In Trypanosoma brucei mitochondria, RNAs are synthesized polycistronically. Nevertheless, levels of mature monocistronic RNAs vary dramatically between life cycle stages. This indicates that steady-state RNA abundance, and thus gene expression, is controlled by posttranscriptional processes and these processes are developmentally regulated. Our hypothesis is that RNA decay pathways are critical determinants of gene regulation in this system.

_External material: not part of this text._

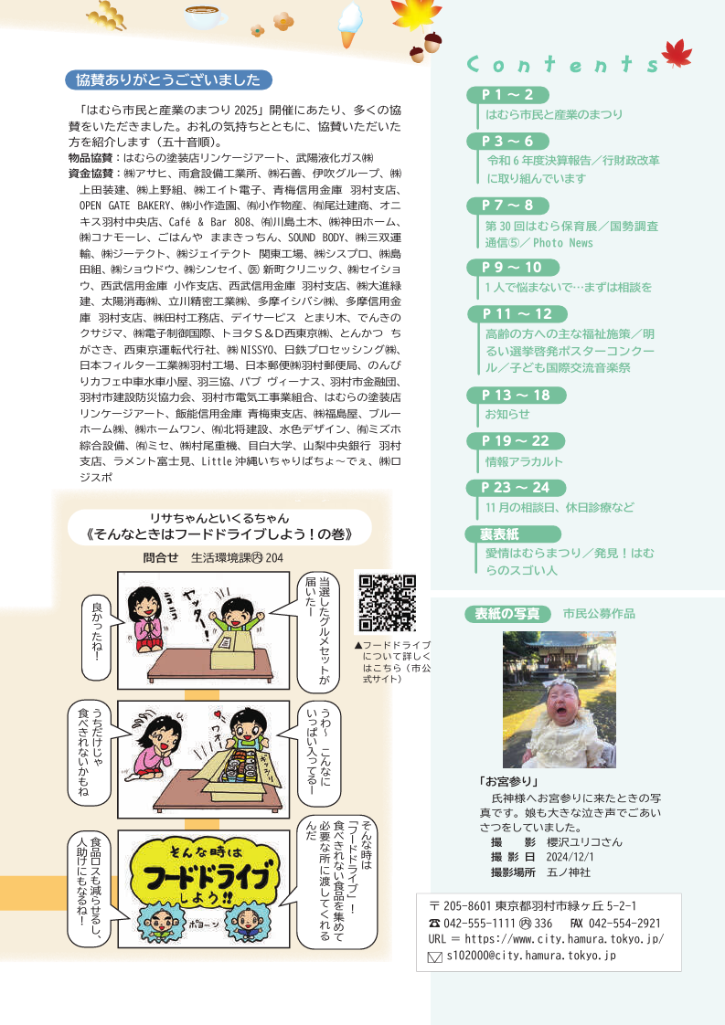 くらし 広報はむら 2025年11月1日号 P.01 2/26 前の記事 次の記事 発行日 : 2025年11月01日 自治体名 : 東京都羽村市 広報紙名 : 広報はむら 2025年11月1日号 Tweet シェアする 広報はむら 2025年11月1日号 表紙 広報はむら 2025年11月1日号 P.02

Our previous studies identified both cis- and trans-acting factors that define novel pathways of trypanosome gene regulation, and indicate that distinct decay pathways exist for unedited and edited mitochondrial RNAs. On unedited mRNA, the presence of a poly(A) tail significantly stimulates RNA turnover. In direct contrast, polyadenylation stabilizes edited RNAs. Moreover, the same small edited element that switches the poly(A) tail from a destabilizing to a stabilizing element is sufficient to facilitate rapid decay of edited RNA lacking a poly(A) tail compared to its unedited counterpart. These data reveal the presence of two exoribonuclease activities that we have shown are peripherally associated with mitochondrial membranes: (i) an activity that rapidly degrades poly(A+) unedited RNAs and (ii) an activity that specifically degrades edited RNAs that lack a poly(A) tail. Two candidate exoribonucleases were identified in the T. brucei genome, and one was shown to be essential for optimal growth. A third trans-acting enzyme involved in mitochondrial RNA turnover is the RET1 terminal uridylyltransferase (TUTase). In organello data implicate RET1 in facilitating turnover of a subset of poly(A+) RNAs, potentially through modification of their 3'tail sequences. The long-term goal of this project is to understand the roles of RNA turnover in trypanosome mitochondrial gene expression, and to elucidate the underlying biochemical mechanisms that regulate these events.
The Specific Aims are: 1) Define cis-acting elements that regulate edited RNA stability. We will determine the range of edited RNAs that are stabilized by polyadenylation, and precisely define cis-acting stabilization sequences. We will use RNA structure determination and RNA-protein interaction assays to address the mechanism by edited cis-elements stabilize polyadenylated RNAs. 2) Identify and characterize exoribonucleases involved in mitochondrial RNA turnover. We will biochemically isolate the poly(A) RNA selective exoribonuclease and analyze its role in mitochondrial RNA metabolism using RNAi. Using a dual-RNAi strategy, we will identify the exoribonuclease that rapidly degrades non-adenylated edited RNAs. Here, candidate exoribonucleases will be ablated in cells engineered to produce increased levels of poly(A-) edited RNAs. 3) Determine the role of RET1 TUTase in mRNA 3'end formation and stability. Through analysis of RET1 knock-down cells, we will identify RNAs whose turnover is impacted by RET1 in vivo and assess their 3'end modifications. These studies will greatly increase our understanding of gene regulation in a medically and economically important parasite, and will provide important insights in to the mechanisms of mitochondrial gene regulation in higher organisms.
The long term goal of this project is to elucidate the roles of specific cis-acting elements and trans-acting factors in mitochondrial RNA decay in Trypanosoma brucei, and to understand the mechanisms by which these factors regulate mitochondrial gene expression. These studies will greatly increase our understanding of gene regulation in a medically and economically important parasite, and will provide important insights into the mechanisms of mitochondrial gene regulation in higher organisms.